ACTION ITEM: Without the pictures, give the records again exactly as they appear.
═══ INPUT FOR THIS TASK ═══
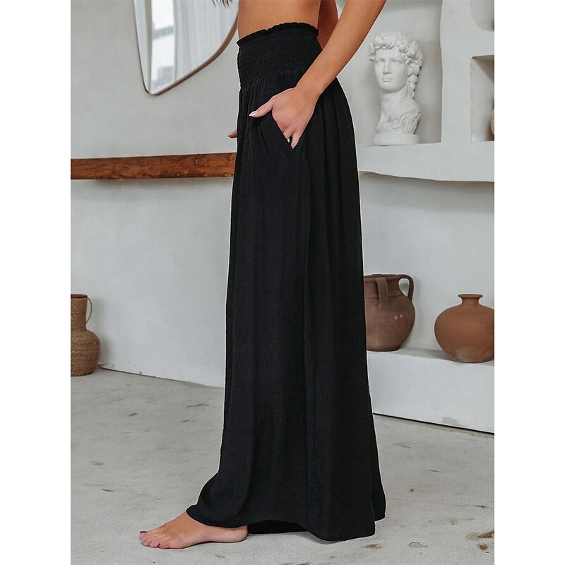 Women's Wide Leg Pants Trousers Vacation elementary Casual Full Length High Waist Plain Pocket Elastic Waist High Cut Comfort Breathability gentle Micro-elastic Home Street Daily Black Brick red Fall Winter
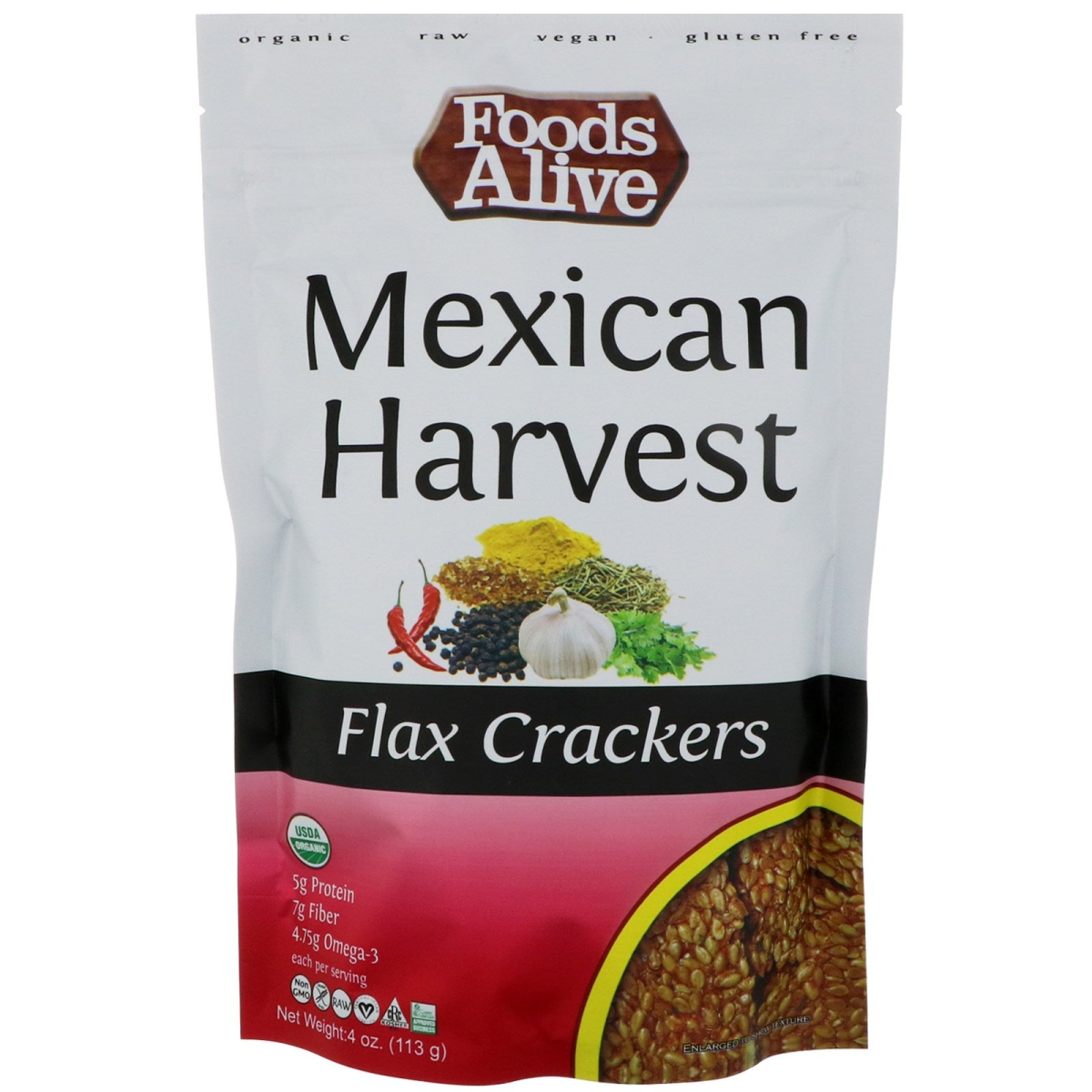 USDA Organic Raw Certified Vegan Gluten-Free 5 g Protein 7 g Fiber 4.75 g Omega-3 Each per Serving Non-GMO CRC Kosher Green America Approved Business Eats Like a Snack -Fuels Like a Meal Certified Organic by Ecocert Ico LLC Enjoy these awesome crackers right from the bag, use as bread, crumble on salad, or with your favorite dips and spreads! Inside this package, a unique blend of Mexican spices create a taco tasting cracker that goes great with dips, guacamole and gazpacho. Foods Alive is a family owned company dedicated to crafting healthy foods, because just like you, we care deeply about the food our family eats. So, you'll only find the highest quality certified organic ingredients in the foods we make. Our crackers come to life when we soak raw flax seeds in filtered water to begin the germination (or sprouting) process. This increases nutritional value, bioavailability and makes them easier to chew and digest. Then, we gently dehydrate our crackers overnight at a very low temperature. Our delicate process preserves the vital living enzymes and essential nutrients, while at the same time, creating a crispy, crunchy, savory snack. This attention to detail, allows us to craft all of our products with the highest quality of flavor, freshness and essential nutrition.
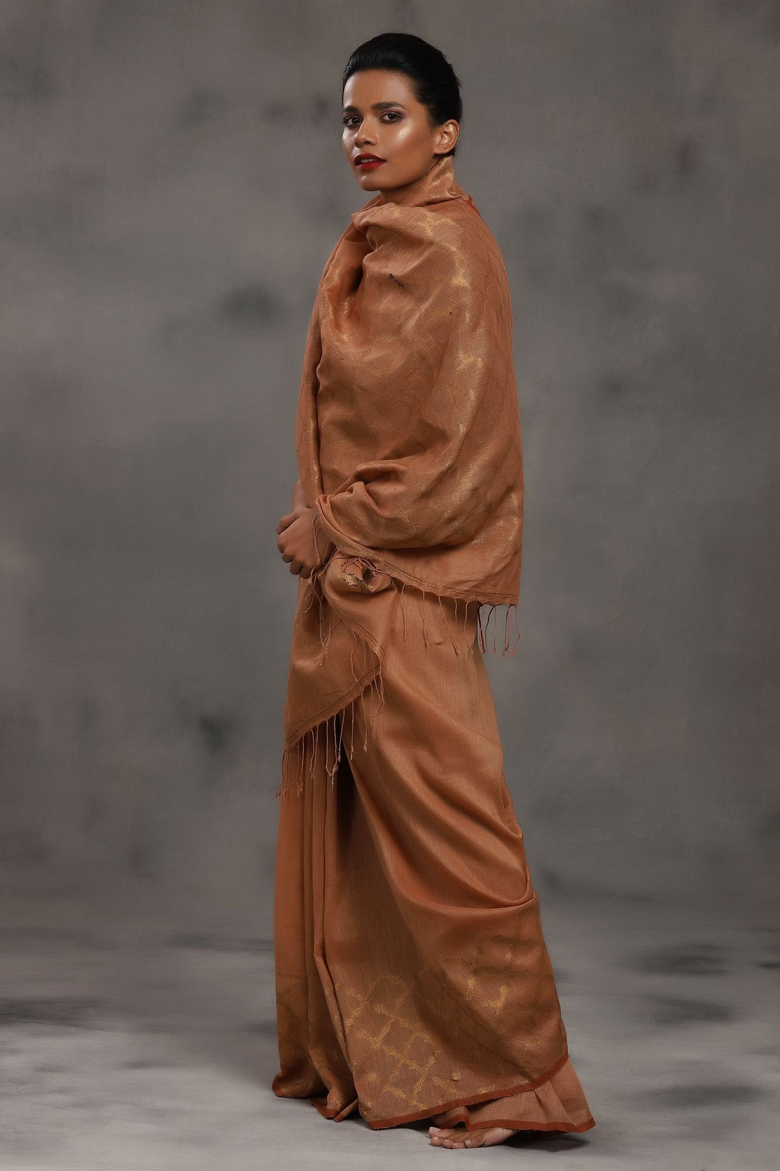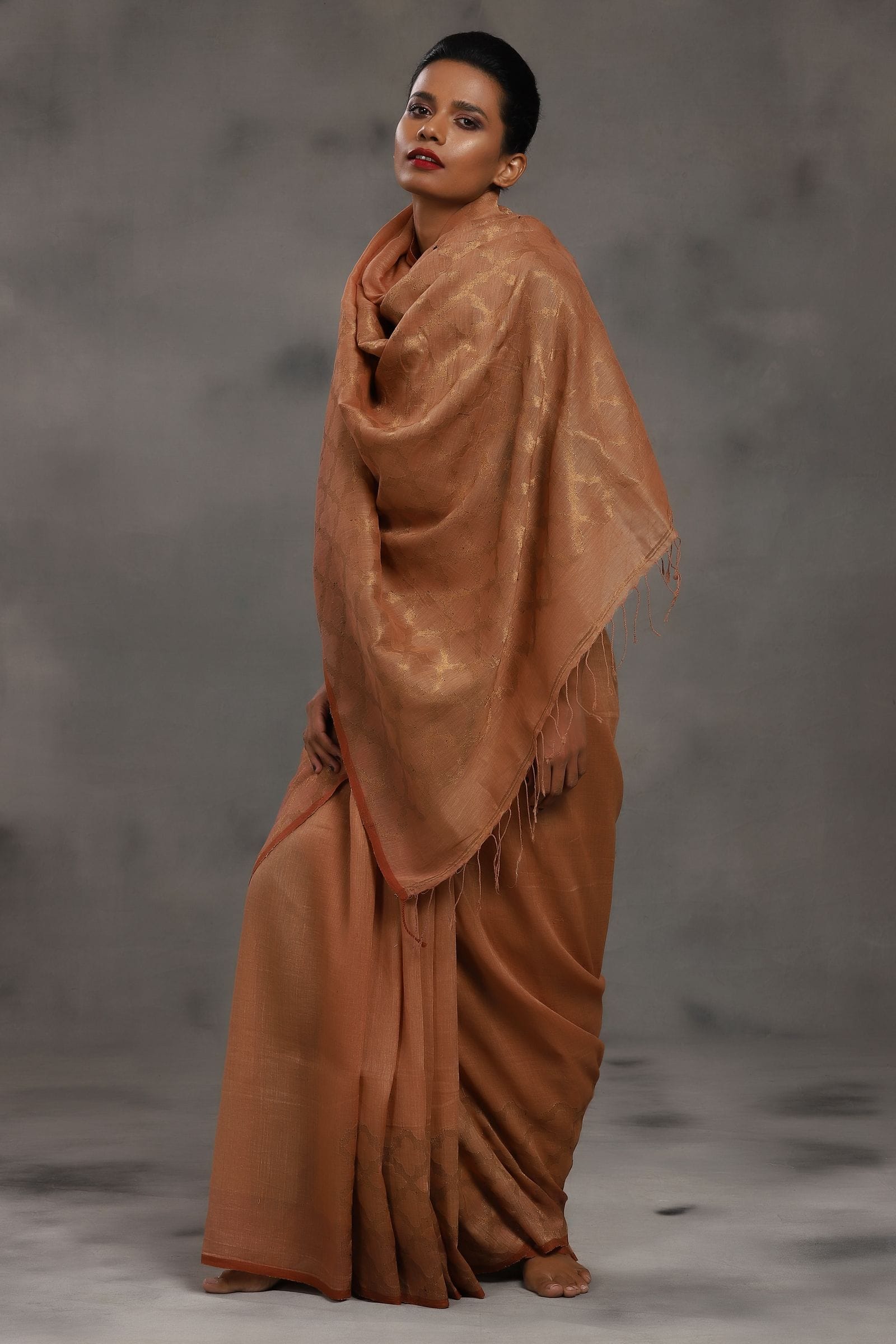 Linen sari with Kashmir jaal pattern woven on Border and Palla woven with zari. Yumi revived the traditional hand woven Jamdani weaving technique and translated it on fine linen saris dyed in natural colours with it's artisans.
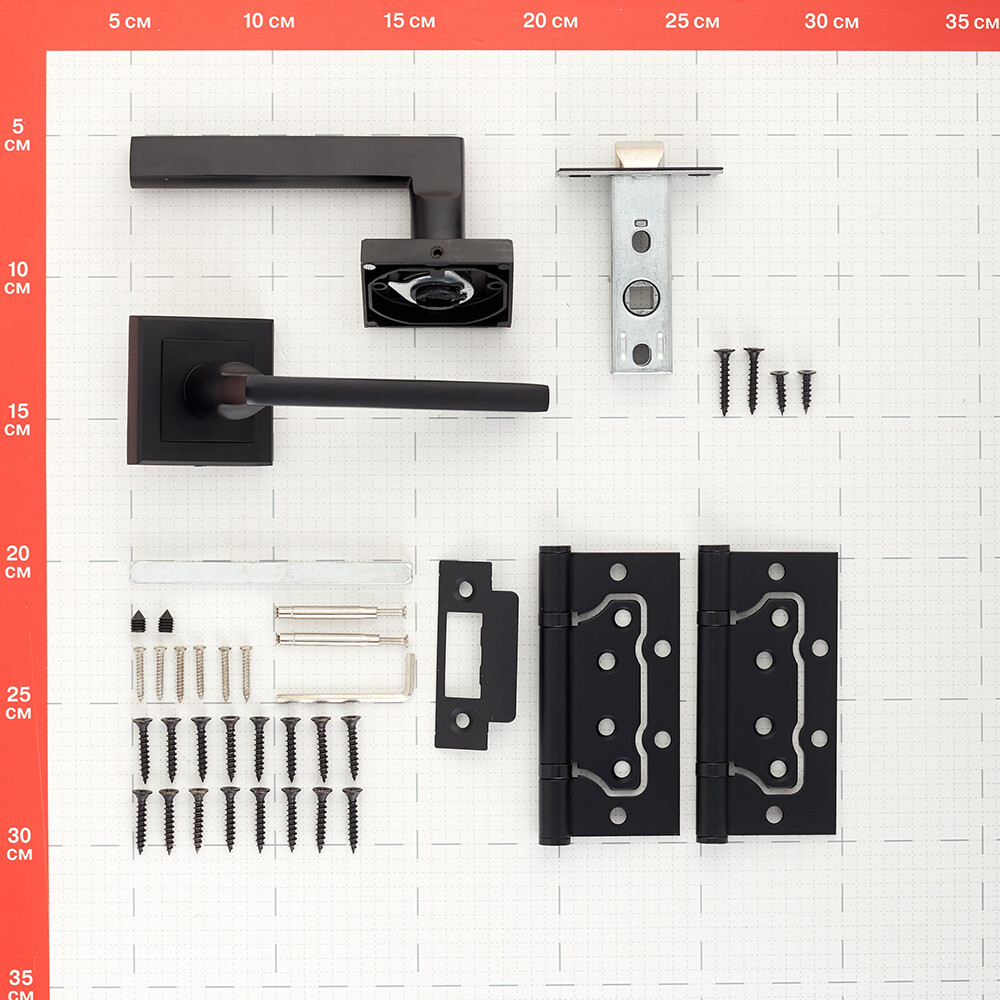 ручка на розетке – 2 шт, петля накладная универсальная 100х75х2,5 мм – 2 шт, стяжка (стягивающая втулка) – 2 шт, защелка межкомнатная – 1 шт, стержень квадратный соединительный 8х8 мм – 1 шт, шестигранный ключ – 2 шт, комплект крепежа, инструкция.
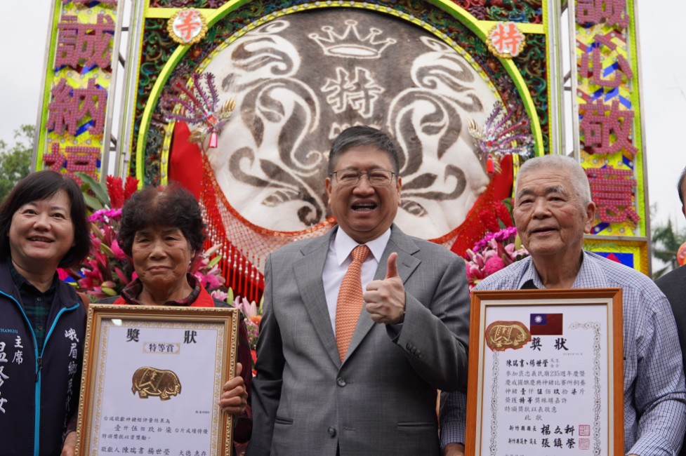楊文科表示,這次共有37頭神豬、6頭神羊參加神豬神羊比賽,他特別頒發獎牌給神豬神羊比賽前幾名獲獎的飼主,其中特等獎神豬重1597台斤,飼主陳瑞書、楊世瑩是他峨眉同鄉,特別合影留念。特等神羊角長度3尺7寸5分,飼主為李克常、羅文殿、劉安瑋、杜宗維、陳忠霖。
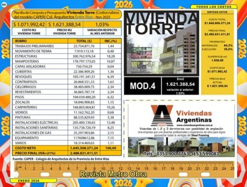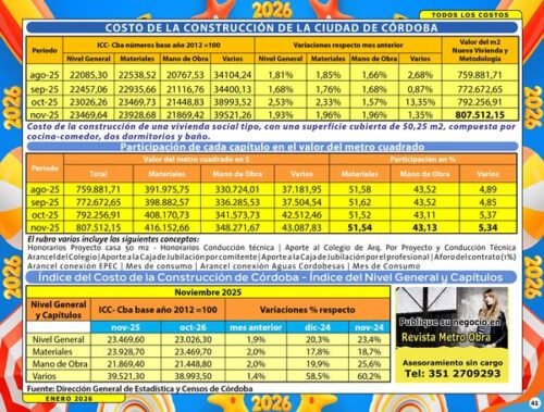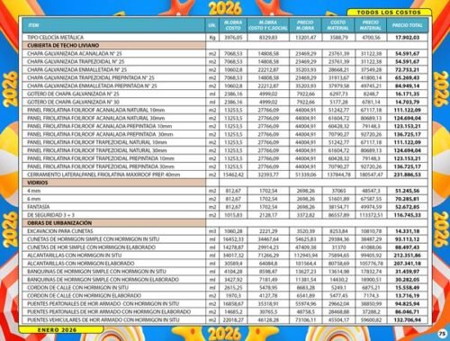 La edición Digital de Enero 2026 trae los costos de construcción, precios de mano de obra y materiales.
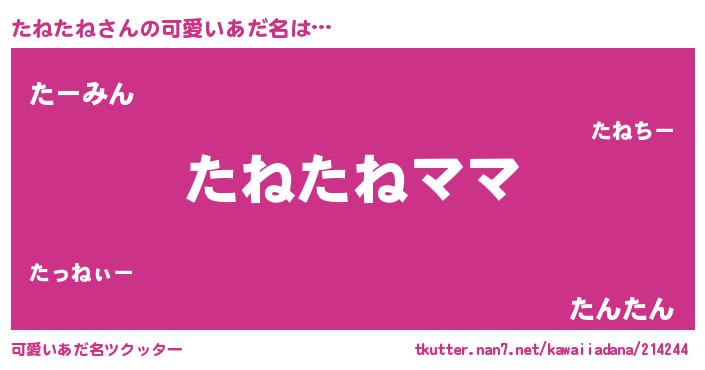 | 意味不明あだ名 | 『永久保存たねたね』『ペロリンたねたね』 |
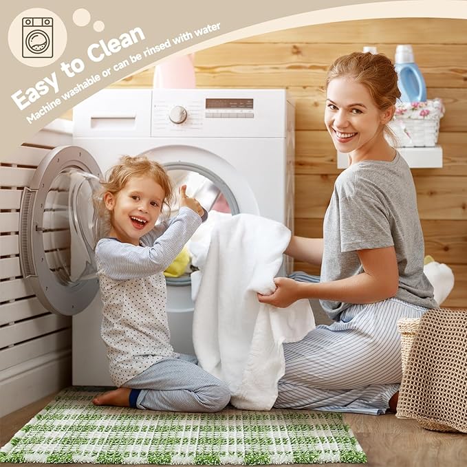 Waffle Bath Mat, Boho Bathroom Rugs Non Slip Washable Absorbent Checkered Bathroom Mat Quick Dry Cute Christmas Bath Mat, 30"x20" Green and White
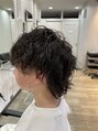パーマで無造作に動きを加えたウルフスタイルになります♪襟足までしっかりと動きをつけたスタイルになるので毎日のスタイリングが楽しくなると思います!いつもと違ったスタイルにしたい方などにオススメの髪型です!
═══
EXERCISE RESPONSE:
 Women's Wide Leg Pants Trousers Vacation elementary Casual Full Length High Waist Plain Pocket Elastic Waist High Cut Comfort Breathability gentle Micro-elastic Home Street Daily Black Brick red Fall Winter
 USDA Organic Raw Certified Vegan Gluten-Free 5 g Protein 7 g Fiber 4.75 g Omega-3 Each per Serving Non-GMO CRC Kosher Green America Approved Business Eats Like a Snack -Fuels Like a Meal Certified Organic by Ecocert Ico LLC Enjoy these awesome crackers right from the bag, use as bread, crumble on salad, or with your favorite dips and spreads! Inside this package, a unique blend of Mexican spices create a taco tasting cracker that goes great with dips, guacamole and gazpacho. Foods Alive is a family owned company dedicated to crafting healthy foods, because just like you, we care deeply about the food our family eats. So, you'll only find the highest quality certified organic ingredients in the foods we make. Our crackers come to life when we soak raw flax seeds in filtered water to begin the germination (or sprouting) process. This increases nutritional value, bioavailability and makes them easier to chew and digest. Then, we gently dehydrate our crackers overnight at a very low temperature. Our delicate process preserves the vital living enzymes and essential nutrients, while at the same time, creating a crispy, crunchy, savory snack. This attention to detail, allows us to craft all of our products with the highest quality of flavor, freshness and essential nutrition.
 Linen sari with Kashmir jaal pattern woven on Border and Palla woven with zari. Yumi revived the traditional hand woven Jamdani weaving technique and translated it on fine linen saris dyed in natural colours with it's artisans.
 ручка на розетке – 2 шт, петля накладная универсальная 100х75х2,5 мм – 2 шт, стяжка (стягивающая втулка) – 2 шт, защелка межкомнатная – 1 шт, стержень квадратный соединительный 8х8 мм – 1 шт, шестигранный ключ – 2 шт, комплект крепежа, инструкция.
楊文科表示,這次共有37頭神豬、6頭神羊參加神豬神羊比賽,他特別頒發獎牌給神豬神羊比賽前幾名獲獎的飼主,其中特等獎神豬重1597台斤,飼主陳瑞書、楊世瑩是他峨眉同鄉,特別合影留念。特等神羊角長度3尺7寸5分,飼主為李克常、羅文殿、劉安瑋、杜宗維、陳忠霖。
 La edición Digital de Enero 2026 trae los costos de construcción, precios de mano de obra y materiales.
 | 意味不明あだ名 | 『永久保存たねたね』『ペロリンたねたね』 |
 Waffle Bath Mat, Boho Bathroom Rugs Non Slip Washable Absorbent Checkered Bathroom Mat Quick Dry Cute Christmas Bath Mat, 30"x20" Green and White
パーマで無造作に動きを加えたウルフスタイルになります♪襟足までしっかりと動きをつけたスタイルになるので毎日のスタイリングが楽しくなると思います!いつもと違ったスタイルにしたい方などにオススメの髪型です!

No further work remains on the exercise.